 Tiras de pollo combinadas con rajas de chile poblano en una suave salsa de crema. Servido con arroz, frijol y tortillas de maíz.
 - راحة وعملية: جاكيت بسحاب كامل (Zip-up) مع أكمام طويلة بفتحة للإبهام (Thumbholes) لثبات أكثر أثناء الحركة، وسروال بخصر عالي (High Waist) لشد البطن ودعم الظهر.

---

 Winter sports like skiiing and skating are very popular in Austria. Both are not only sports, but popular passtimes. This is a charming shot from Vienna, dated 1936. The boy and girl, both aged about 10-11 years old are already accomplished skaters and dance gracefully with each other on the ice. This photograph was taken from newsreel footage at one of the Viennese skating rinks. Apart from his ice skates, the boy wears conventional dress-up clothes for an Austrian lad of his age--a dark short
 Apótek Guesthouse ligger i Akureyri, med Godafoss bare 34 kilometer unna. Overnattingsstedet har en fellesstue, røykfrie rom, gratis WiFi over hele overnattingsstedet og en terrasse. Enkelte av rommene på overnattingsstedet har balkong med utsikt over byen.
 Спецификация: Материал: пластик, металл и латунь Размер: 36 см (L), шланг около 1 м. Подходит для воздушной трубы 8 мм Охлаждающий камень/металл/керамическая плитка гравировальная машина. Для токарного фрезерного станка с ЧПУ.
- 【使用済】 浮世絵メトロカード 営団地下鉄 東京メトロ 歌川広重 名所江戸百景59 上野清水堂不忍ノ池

◆ **Task instructions**:
For the lines above, output exactly those from the line containing "Winter sports like" through the line containing "- 【使用済】 浮世絵メトロカード", and skip the others.

◆ **Answer below**:
 Winter sports like skiiing and skating are very popular in Austria. Both are not only sports, but popular passtimes. This is a charming shot from Vienna, dated 1936. The boy and girl, both aged about 10-11 years old are already accomplished skaters and dance gracefully with each other on the ice. This photograph was taken from newsreel footage at one of the Viennese skating rinks. Apart from his ice skates, the boy wears conventional dress-up clothes for an Austrian lad of his age--a dark short
 Apótek Guesthouse ligger i Akureyri, med Godafoss bare 34 kilometer unna. Overnattingsstedet har en fellesstue, røykfrie rom, gratis WiFi over hele overnattingsstedet og en terrasse. Enkelte av rommene på overnattingsstedet har balkong med utsikt over byen.
 Спецификация: Материал: пластик, металл и латунь Размер: 36 см (L), шланг около 1 м. Подходит для воздушной трубы 8 мм Охлаждающий камень/металл/керамическая плитка гравировальная машина. Для токарного фрезерного станка с ЧПУ.
- 【使用済】 浮世絵メトロカード 営団地下鉄 東京メトロ 歌川広重 名所江戸百景59 上野清水堂不忍ノ池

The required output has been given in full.